In an example, the active material of the cathode consists essentially of a combination of a main group element nitride, and a chalcogenide of an element in Group 1-13.

In an example, the cathode material comprises a nanostructure or mesostructure to provide increased surface area, and improved contact with the electrolyte. For example, the nanostructures and mesostructures include nanopores and/or mesopores.

In an example, the main group nitrides may be of a particle size of between 0.5 nm - 100 pm.

In an example, the oxide may be of a particle size of between 0.5 nm - 100 pm.

In an example, the cathode material comprises a binder. The binder may be a non- conductive material such as a polymer. Those of skill in the art will readily understand that the binder is used to assist in the preparation of the cathode and assists the cathode in sticking to a current collector, when assembled in a battery. Suitable binders for use on cathodes will be understood by those of skill in the art. Preferably, the binder is selected from polyvinyl fluoride (PVDF), and polytetrafluoroethylene (PTFE).

In an example, the cathode for an aluminium ion battery may comprise a conductive material. The conductive material may be selected from: conductive carbon, acetylene black and mixtures thereof. Those of skill in the art will realise that the conductive carbon is intended to counteract the reduction in conductivity provided by the addition of the binder.

In an example, the cathode comprises at least 75% (by weight) active material, or more preferably at least 80% (by weight) active material, or more preferably about 85% (by weight) active material.

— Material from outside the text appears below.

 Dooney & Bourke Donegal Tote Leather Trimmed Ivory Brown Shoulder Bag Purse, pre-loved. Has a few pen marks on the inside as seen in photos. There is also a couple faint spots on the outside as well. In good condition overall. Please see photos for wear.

In an example, the active material of the cathode of the present invention consists essentially of the oxides and/or nitrides specified herein. For example, in an embodiment of the cathode of the present invention, the active material consists essentially of oxides of boron and nitrides of boron.

Battery

In another aspect of the present invention, there is provided an aluminium ion battery, wherein the aluminium ion battery includes a cathode as described herein, such as a cathode comprising a main group element nitride.

Anode

In an example, the aluminium ion battery further comprises an anode, such as an aluminium anode.

In an example, the anode may comprise at least one compound or material that is able to function as an anode in a battery. For instance, the anode may comprise a material suitable for use with an electrolyte and the cathode of the aluminium ion battery.

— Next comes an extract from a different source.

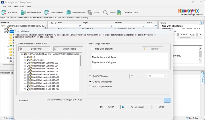 - Helps sort Exchange Database with advanced filtering options like Data Range, Item Type, Check Boxes, and more.
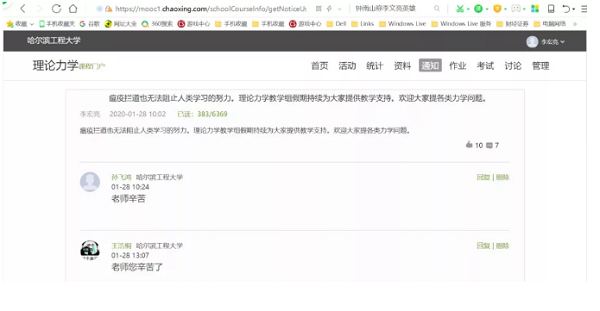1月28日,他在工程力学系微信群里发出尽教师责任在线帮助员工假期学习的号召,并组成由李宏亮、王超营、杨金水和于国财参加的在线力学指导小组。依托已有的理论力学慕课教学平台《超星学习通》,在网上发布了如下通知:“瘟疫拦道也无法阻止人类学习的努力。理论力学教学组假期持续为大家提供教学支持。欢迎大家提各类力学问题。”该小组目前的服务对象是全校本科二年级和三年级的理工类员工,采用指导教师组轮流值班的形式随时解答员工提出的力学问题。

The aluminium anode may comprise at least one material that can undergo a process selected from: (i) intercalation; and (ii) reversible electrochemical deposition and dissolution, at the intended operating temperatures of the battery according to the present invention.

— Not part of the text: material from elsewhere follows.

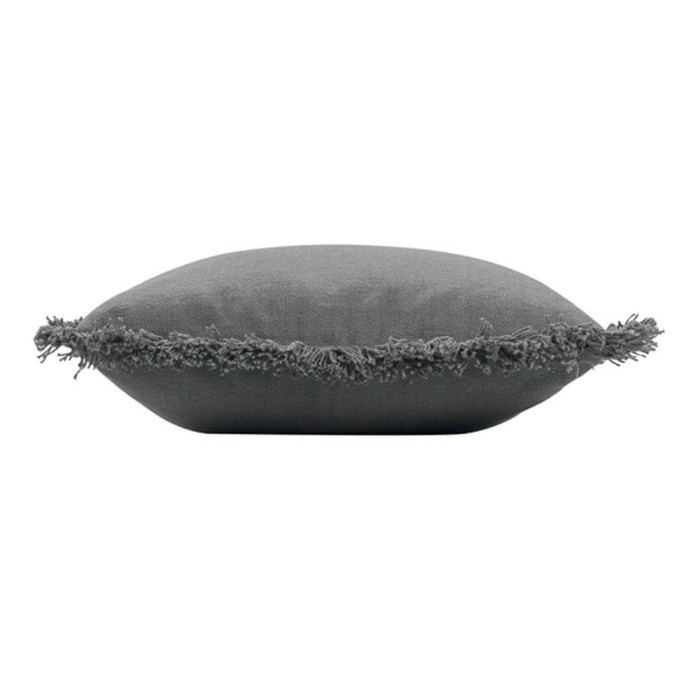 Cojín decorativo confeccionado en tejido resistente de algodón 100% de color gris con flecos en los extremos, ideal para salón o terraza.

Materials suitable for use as anodes in aluminium ion batteries described herein, would be readily understood by one skilled in the art. However, for the avoidance of doubt, materials suitable for the anode include: aluminium foil, for example aluminium sheets, thin aluminium metal disc, aluminium alloys. In an example, the anode is an aluminium disc. In an example, the aluminium discs are about 0.1 mm thickness and about 99 % aluminium purity. Alternatively, suitable anodes include aluminium alloys comprising aluminium and at least one selected from the group: chromium, cobalt, copper, iron, lithium, magnesium, manganese, nickel, silicon, tin, titanium, tungsten, vanadium, zinc and zirconium.

Electrolyte

In an example, the aluminium ion battery comprises an electrolyte, wherein the electrolyte provides an electrical connection between the cathode and the anode and facilitates movement of ions there between during charging and discharging of the battery.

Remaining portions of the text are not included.